Below are $6$ values of $k$ that give distinct complex numbers. All other values of $k$ give arguments that are co-terminal with these complex numbers:

$\begin{array}{lll} k=0: & x=e^0 & = 1 \\ k=1: & x=e^{\pi i/3} & = \frac{1}{2}+i\frac{\sqrt{3}}{2} \\ k=2: & x=e^{2\pi i/3} & = -\frac{1}{2}+i\frac{\sqrt{3}}{2} \\ k=3: & x=e^{\pi} & = -1 \\ k=4: & x=e^{4\pi i/3} & = -\frac{1}{2}-i\frac{\sqrt{3}}{2} \\ k=5: & x=e^{5\pi i/3} & = \frac{1}{2}-i\frac{\sqrt{3}}{2}. \end{array}$

These solutions are called the $6^\text{th}$ roots of unity. $_\square$

## Complex Numbers in Geometry

Main Article: Complex Numbers in Geometry

Because of the circular relationships associated with complex numbers, they are useful for many geometry problems. For example, the rotation of a point or rigid figure can be performed with complex numbers much more simply than it can be done with trigonometry.

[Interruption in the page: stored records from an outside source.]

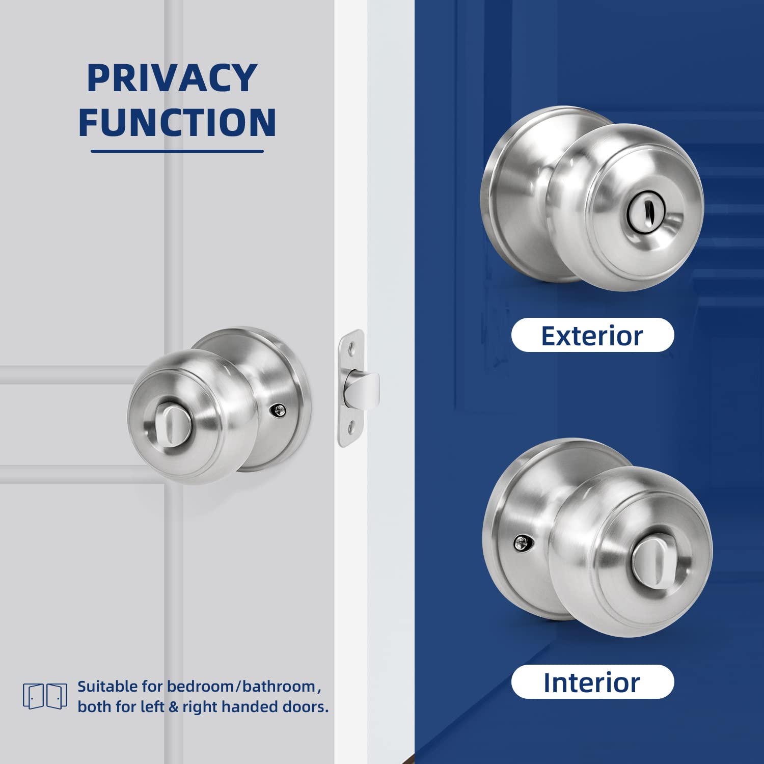 - 【Widely Application】 Privacy door knob WITHOUT KEYS ideal for your bedrooms, bathrooms and other privacy needs.Exterior privacy release button that unlock with coin or standard screwdriver only need. It be sure to add a touch of sophistication to your home.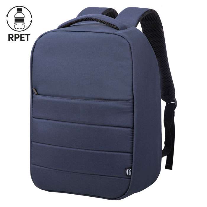 zaino in RPET 300D; sistema di chiusura sul retro antitaccheggio; tasca interna imbottita porta pc/tablet; fascia trolley posteriore; retro e spallacci imbottiti; laptop fino a 15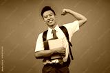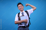 Portrait Of Indonesian High School Student Man Showing Strong Gesture On Blue Background

To rotate a point $\theta$ radians counterclockwise about the origin,

- first convert the ordered pair to the corresponding complex number;
- multiply this complex number by $e^{i\theta}$;
- convert this result to the corresponding ordered pair.
To rotate a rigid figure $\theta$ radians counterclockwise about the origin, rotate each point in the figure following the process above.

The point $(2,5)$ is rotated $30^\circ$ counterclockwise about the origin. What is the image of rotation?

The corresponding complex number is $2+5i.$ The angle of rotation is $\frac{\pi}{6}.$ This gives the complex number

$e^{\pi i/6}=\frac{\sqrt{3}}{2}+\frac{i}{2}.$

Multiply these complex numbers to obtain the image of rotation:

$\left(2+5i \vphantom{\frac{\sqrt{3}}{2}}\right)\left(\frac{\sqrt{3}}{2}+\frac{i}{2}\right)=\sqrt{3}-\frac{5}{2}+i\left(1+\frac{5\sqrt{3}}{2}\right).$

The corresponding ordered pair is $\left(\sqrt{3}-\frac{5}{2},\ 1+\frac{5\sqrt{3}}{2}\right).$ $_\square$

There are several other applications of complex numbers in geometry in the wiki page on this topic.